As such, the court rejected the plaintiffs' argument that the CDA did not apply because its claims treated the defendants as "commercial actors". It compared the argument to one rejected in Barnes v. Yahoo!, and quoted the Ninth Circuit court's explanation that the CDA covers "any activity that can be boiled down to deciding whether to exclude material that third parties seek to post online." The court went on to cite Donato v. Moldow, a New Jersey appellate decision holding that the CDA's language was intended to "promote the development of e-commerce" and prevent websites from being taken down by litigation. Therefore, the court concluded that the defendants' activity fell "squarely within the CDA's purview."

===Information content providers?===
The court rejected the state's argument that Orbitz and TicketNetwork were information content providers for the purposes of CDA § 230 immunity. First, the court discussed two other CDA § 230 cases: Donato, mentioned above, and Carafano v. Metrosplash.com, Inc. The plaintiff in Donato argued that the defendant became an information content provider by selectively deleting certain posts from the bulletin board he operated, thereby shaping the content of the forum. The New Jersey Appellate Division court disagreed, finding that the defendant exercised "a publisher's traditional editorial functions," which are "the very conduct Congress chose to immunize by § 230," and held that he qualified for immunity. In Carafano, the defendant operated a dating website that required users to fill in a standard form, including several multiple-choice questions, in order to complete their profiles. The plaintiff argued that, by determining in advance which answers its users could choose, the defendant participated in the "development" of the information, making him an information content provider. The Ninth Circuit court rejected this theory, holding that a defendant's editing or selection do not render him a provider as long as the "essential" content is provided by a third party.

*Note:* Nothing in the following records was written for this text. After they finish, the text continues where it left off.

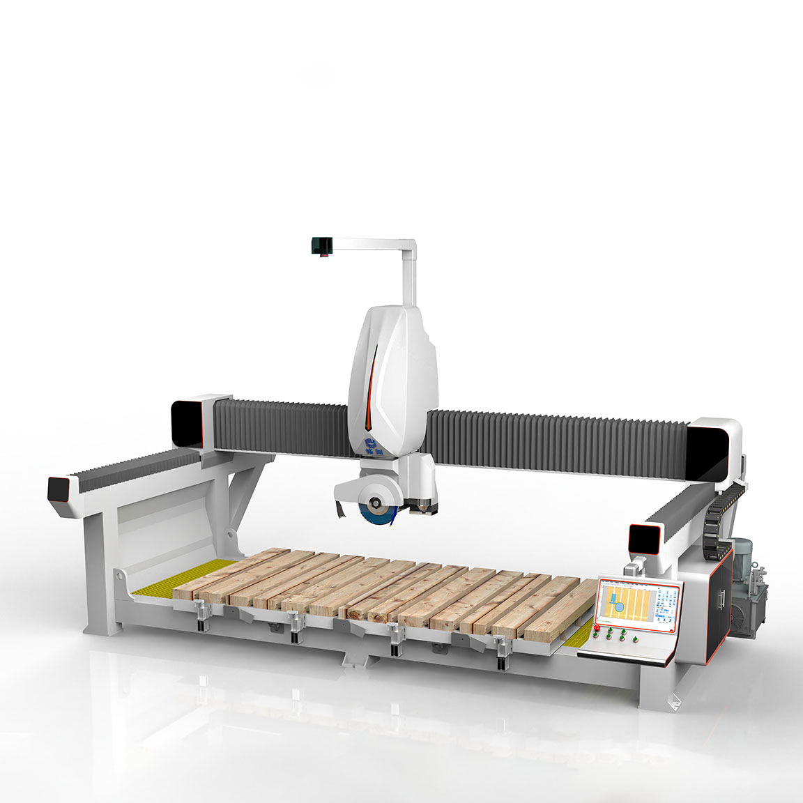 | Control System | Proprietary bridge saw customisation system (Touchscreen + Manual Input) |
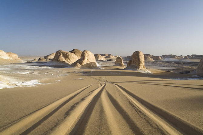 Известная как Сахара эль Бейда, где Сахара обозначает пустыню, эта бесплодная территория расположена в 45 км от города Фарафра. Она известна своим белым кремовым цветом и своими массивными горными формированиями из мела, которые являются результатом песчаных бурь. Белая Пустыня является одной из самых выдающихся достопримечательностей Египта.
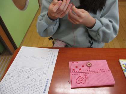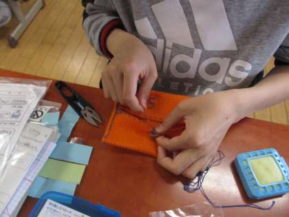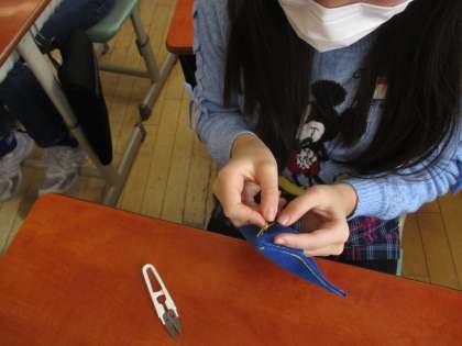 家庭科の時間に、5年生で学習した裁縫を生かして手作りのティッシュペーパー入れを作りました。なみ縫い、本返し縫い、半返し縫いなど、思い出しながら一針一針縫いました。刺繍やボタンで飾り付けをして仕上げました。
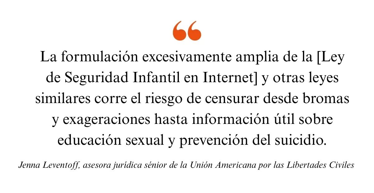 "El lenguaje excesivamente amplio de la KOSA y de legislaciones similares corre el riesgo de censurar todo, desde chistes y exageraciones hasta información útil sobre educación sexual y prevención del suicidio", dijo Jenna Leventoff, asesora jurídica sénior de la Unión Americana por las Libertades Civiles, en una declaración el año pasado.

Next, the court examined the control that Orbitz and TicketNetwork exercised over their sites' content. Orbitz's control was largely formal, with requirements as to where Orbitz's name, logos, and other design elements should be located, but Orbitz also retained the ability to insert certain links and request removal of content. TicketNetwork provided payment services, customer service, and confirmation emails, and performed some level of verification of events and brokers.

Finally, the court concluded that the Orbitz and TicketNetwork were not information content providers. In its view, the defendants' actions were "nothing more than the exercise of a publisher's traditional editorial functions," as in Donato and Carafano. The inaccurate/misleading ticket information originated not from defendants, but from third-party sellers. The court distinguished Fair Housing Council of San Fernando Valley v. Roommates.com, LLC, a case in which the defendant service was denied CDA § 230 immunity because it was "actively participating in the objectionable content" by requiring users to provide certain information in violation of a state anti-discrimination statute in order to register. Here, the objectionable content complained of (the fraudulent listings) was not supplied, required, or requested by the defendants, who provided a mere interface that did not violate any laws in and of itself. The court also distinguished NPS LLC v. StubHub, Inc., another case involving online ticket sales, because the defendants in that case "materially contributed to the illegal 'ticket scalping' of its sellers."

===Disposition===
The court granted the defendants' motions for summary judgment, finding that they "help to create and maintain a vibrant, competitive, market" for consumers of travel and concert tickets shopping online, consistent with Congress's intent in enacting § 230 of the CDA.